The company I work for has lots of parts from the 1:32 scale cars and locomotives that MDC built. If you need anything to help with your model work, please let me know.


----------



## Jerry Barnes (Jan 2, 2008)

Is that Mainline America? They used to advertise they had the MDC stuff and had parts/cars on their website, but most of that has gone away. Like more info. Email me : juking(at)atcjet.net


----------



## Jerry Barnes (Jan 2, 2008)

I got this reply fro Joe, sounds interesting: 
Yes it is Mainline America and the entire company has gone through new ownership. I was laid off in June and they called me back here recently. I have organized the entire MDC inventory and am working with the web guru to get the online store module up and running. 

There also will be new items coming this year and I hope that with my help we can produce G scale products done entirely in the U.S.A. !!! 

If there is anything I can do for you in the meantime, feel free to contact me via e-mail. I am always open to suggestions too! 

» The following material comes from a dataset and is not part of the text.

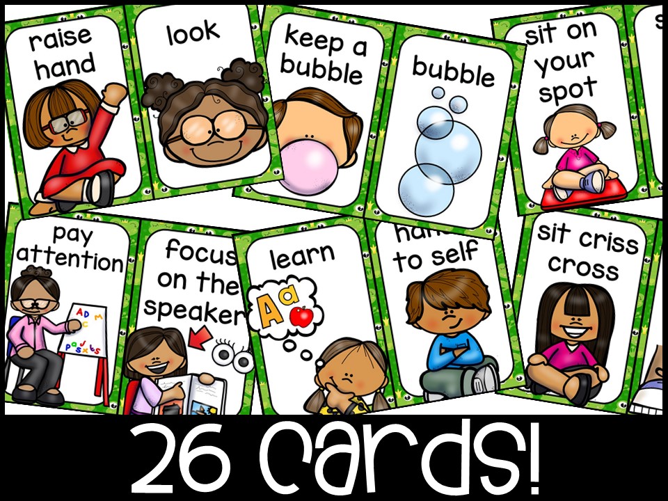 - Rule Cards (Pg 15-27) (In full color) At the beginning of the year, I teach what my carpet/circle time expectations are (what it sounds and looks like). These are developmentally appropriate rules with clip art pictures!

If you look at their website, they show they plan to make a RS-2 locomotive. I liked the MDC stuff, seemed to size out better with my Aristo Mikado than with 1/29 cars.


----------



## rangerjoel (Jan 4, 2008)

This sounds interesting to me and I look forward to their on-line store. (Hopefully with photos of each part) I’m on a limited budget and enjoy building my own stuff so I’m probably their target demographic! 
Joel


----------



## bcer960 (Dec 27, 2007)

I am still interested in the ore cars, can you please e-mail me so we can talk, [email protected]
Thanks

Ray


----------



## Jerry Barnes (Jan 2, 2008)

Their website still looks the same: http://www.midwestcompanies.us/m...erica.html


----------



## dana (Jan 7, 2008)

somethings not right with the link as i clicked on it and got page not found 

the html and the m...erica could be the reason


----------



## Randy Stone (Jan 2, 2008)

Try this link 


http://www.midwestcompanies.us/manu...erica.html


----------